I rediscovered the dolls, supine and stacked like sardines, during a recent deep dive through my closet, and I started wondering if they had any resale value. All four of the historical ones are currently “retired,” meaning they are no longer manufactured by Mattel. Googling “selling American Girl doll” led me down a rabbit hole of eBay listings, Facebook groups and special forums where “little girls who played with dolls grow up and become collectors who still play with dolls!”
My queries eventually led me to the American Girl website itself — I have fond memories of playing dress-up games and taking quizzes on the site.
Growing up, I was consumed by the American Girl franchise: I read all the book series, flipped through the catalogues and dragged my parents to the American Girl store to get my dolls’ hair restyled.
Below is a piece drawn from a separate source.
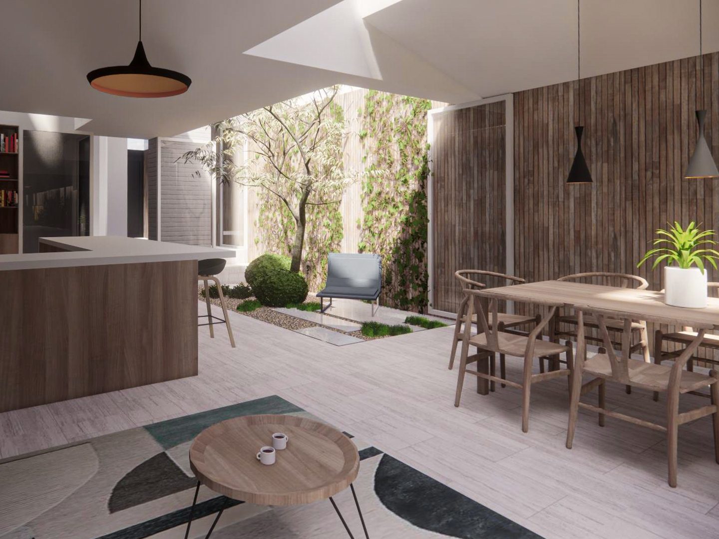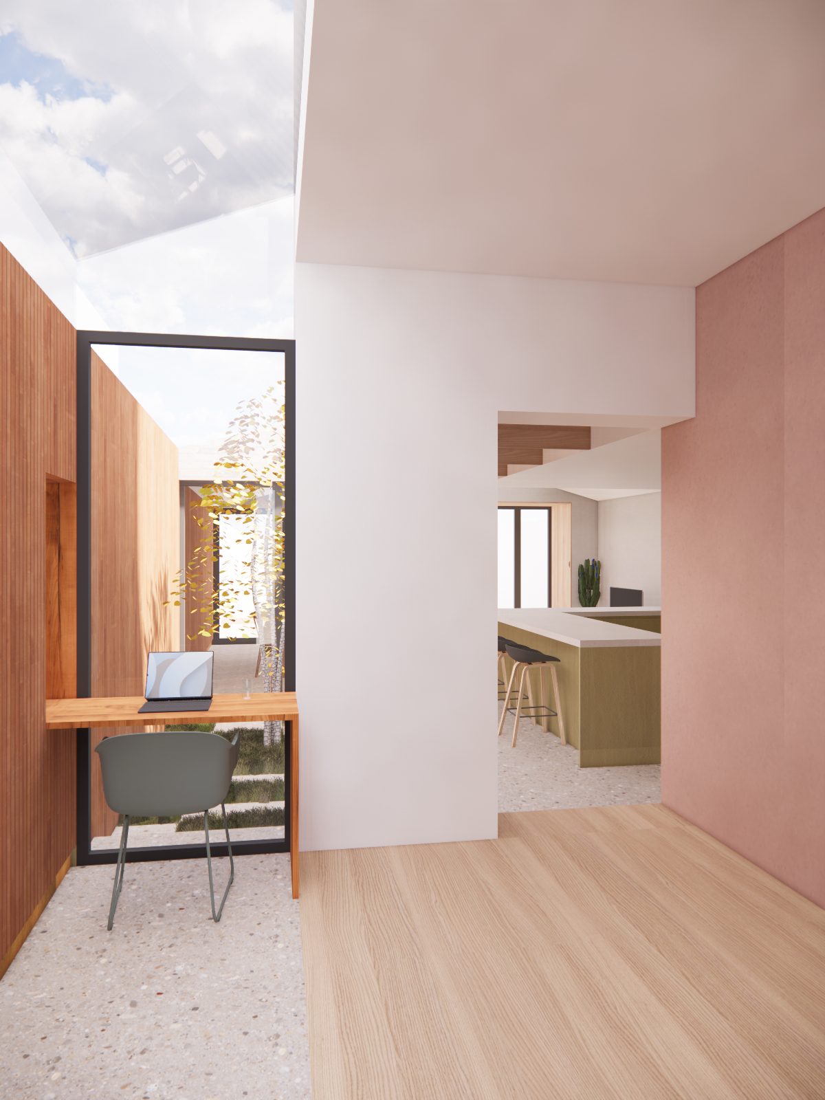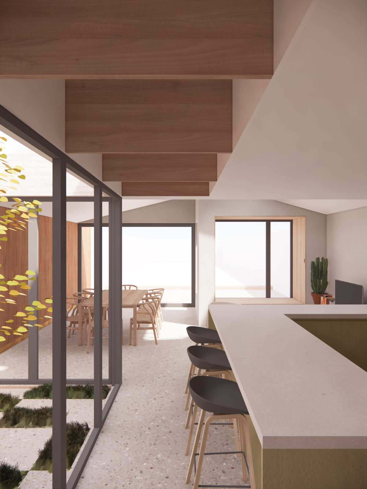 Building on themes explored in our Tree View House project we are placing an external courtyard at the heart of the plan, which provides a focal point for the open plan living, kitchen, and dining spaces. In the summer glazed doors can be opened to make the external courtyard feel like part of the internal space. Working with Landscape Designer Juliet Hutt, our aim is to create a calm and relaxing space that blurs the boundary between external and internal spaces.

Imagine my shock, then, when the website greeted me with the announcement that the January/February issue of American Girl Magazine would be its last.
I don’t remember when American Girl Magazines began showing up at my house — I think a family friend bought me a subscription for my birthday. Nevertheless, I immediately fell in love with them. I kept every single issue and would try to recreate the covers in my sketchbook. The cover girls were diverse but invariably cute (which was unfortunate for me because I always had trouble drawing their dimples right).
The magazine was chock full of instructions for recipes and crafts; feature stories on girls around the country; jokes and crosswords and word searches; big calendars during the summer issue that suggested fun activities for every day of the month; posters that I cut out and pinned to my bulletin board. I devoured every inch of those magazines. Cover to cover, I left no word unscrutinized. I tried my hand at the games, took markers to every coloring page and ran to the local Michael’s store for every party favor. I think I actually still have them, buried away somewhere in a storage bin. I doubt I ever had the heart to discard them.
Maybe it’s silly, but it felt like a punch in the gut when I read that the magazine is being discontinued — like little remnants of my childhood were slipping away with the grains of time. When the magazine was first published in 1992, I’m sure it had no idea that 27 years later, media and technology would so drastically reshape the adolescent experience. I don’t know where young 8- to 13-year-old girls are getting their entertainment nowadays — YouTube? Instagram? I just watched two 11-year-old girls with immaculately made-up faces throw shade at each other on Instagram Live. Witnessing that, it’s hard not to believe that American Girl Magazine — with its wholesome content and focus on keeping girls from prematuration — is of a bygone era, a casualty of the changing times.
It’s disturbing and disheartening to see American Girl Magazine go the way of Teen Vogue and Rookie — publications that also played a formative role for me growing up. I’m sad, less so for my own childhood receding in the rearview mirror and more for the little girls who won’t get to experience the magazine like I did — the feeling of sprinting to the mailbox, the thrill of a new issue still wrapped in its plastic packaging, heavy with an imminent few hours of total absorption.
Kitty Guo is a junior writing about contemporary literature. Her column, “Kitty Corner,” runs every other Wednesday.